▸ Problem
Your copy must hold all of the data below, unchanged and without images.

▸ Collected data

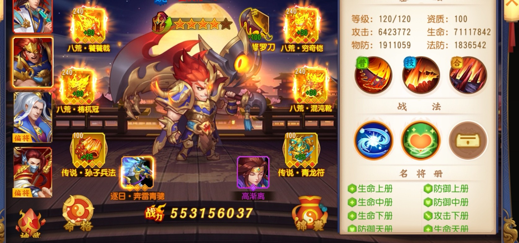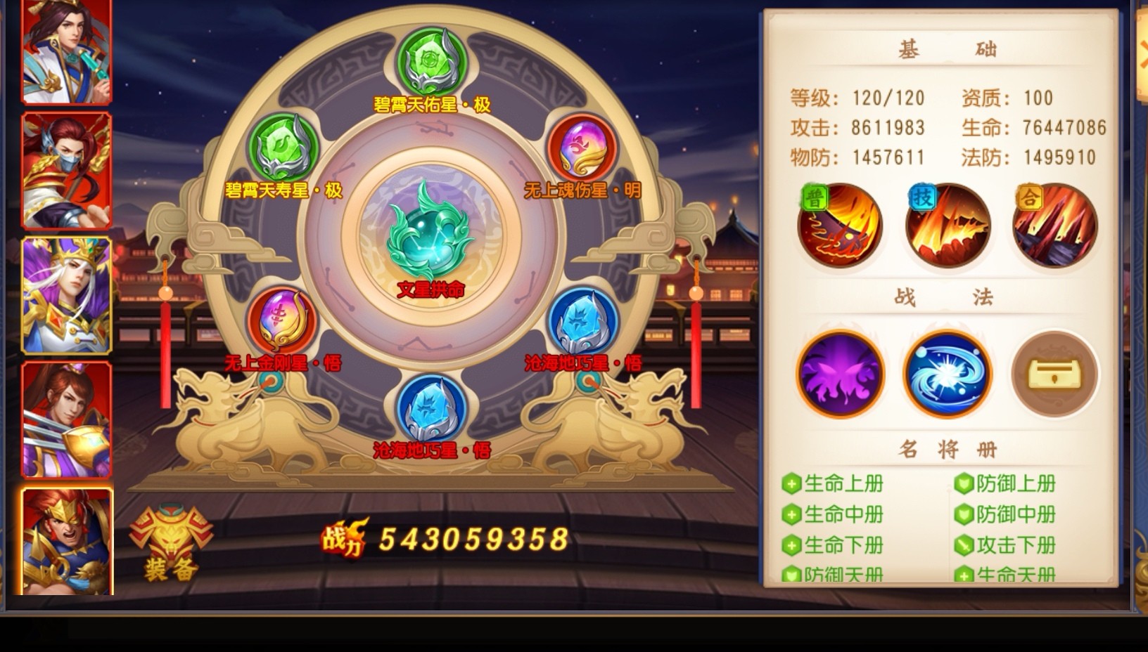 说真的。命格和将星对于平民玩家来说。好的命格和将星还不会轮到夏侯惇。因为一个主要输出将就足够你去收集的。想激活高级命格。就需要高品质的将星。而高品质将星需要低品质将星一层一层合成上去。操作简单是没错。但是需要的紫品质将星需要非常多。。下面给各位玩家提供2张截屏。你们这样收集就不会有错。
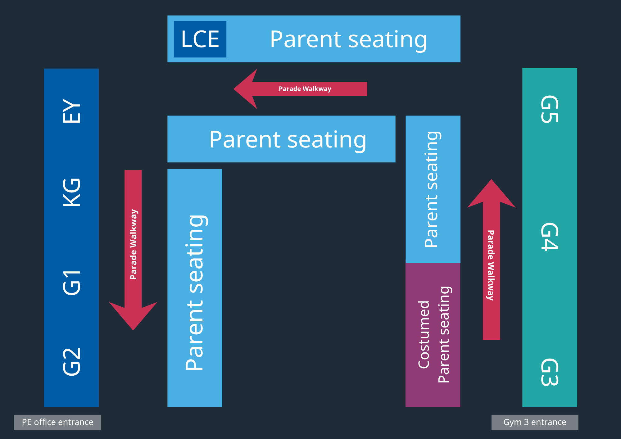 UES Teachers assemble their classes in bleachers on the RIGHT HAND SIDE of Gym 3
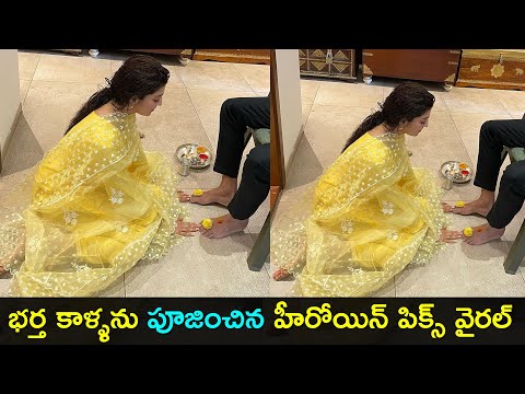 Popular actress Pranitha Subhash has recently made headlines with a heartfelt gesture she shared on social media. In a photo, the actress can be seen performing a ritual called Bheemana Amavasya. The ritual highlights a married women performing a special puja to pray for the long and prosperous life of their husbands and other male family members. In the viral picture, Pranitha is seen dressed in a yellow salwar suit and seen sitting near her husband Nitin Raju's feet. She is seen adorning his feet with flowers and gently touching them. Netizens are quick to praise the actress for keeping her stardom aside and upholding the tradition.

▸ Response for this exercise
 说真的。命格和将星对于平民玩家来说。好的命格和将星还不会轮到夏侯惇。因为一个主要输出将就足够你去收集的。想激活高级命格。就需要高品质的将星。而高品质将星需要低品质将星一层一层合成上去。操作简单是没错。但是需要的紫品质将星需要非常多。。下面给各位玩家提供2张截屏。你们这样收集就不会有错。
 UES Teachers assemble their classes in bleachers on the RIGHT HAND SIDE of Gym 3
 Popular actress Pranitha Subhash has recently made headlines with a heartfelt gesture she shared on social media. In a photo, the actress can be seen performing a ritual called Bheemana Amavasya. The ritual highlights a married women performing a special puja to pray for the long and prosperous life of their husbands and other male family members. In the viral picture, Pranitha is seen dressed in a yellow salwar suit and seen sitting near her husband Nitin Raju's feet. She is seen adorning his feet with flowers and gently touching them. Netizens are quick to praise the actress for keeping her stardom aside and upholding the tradition.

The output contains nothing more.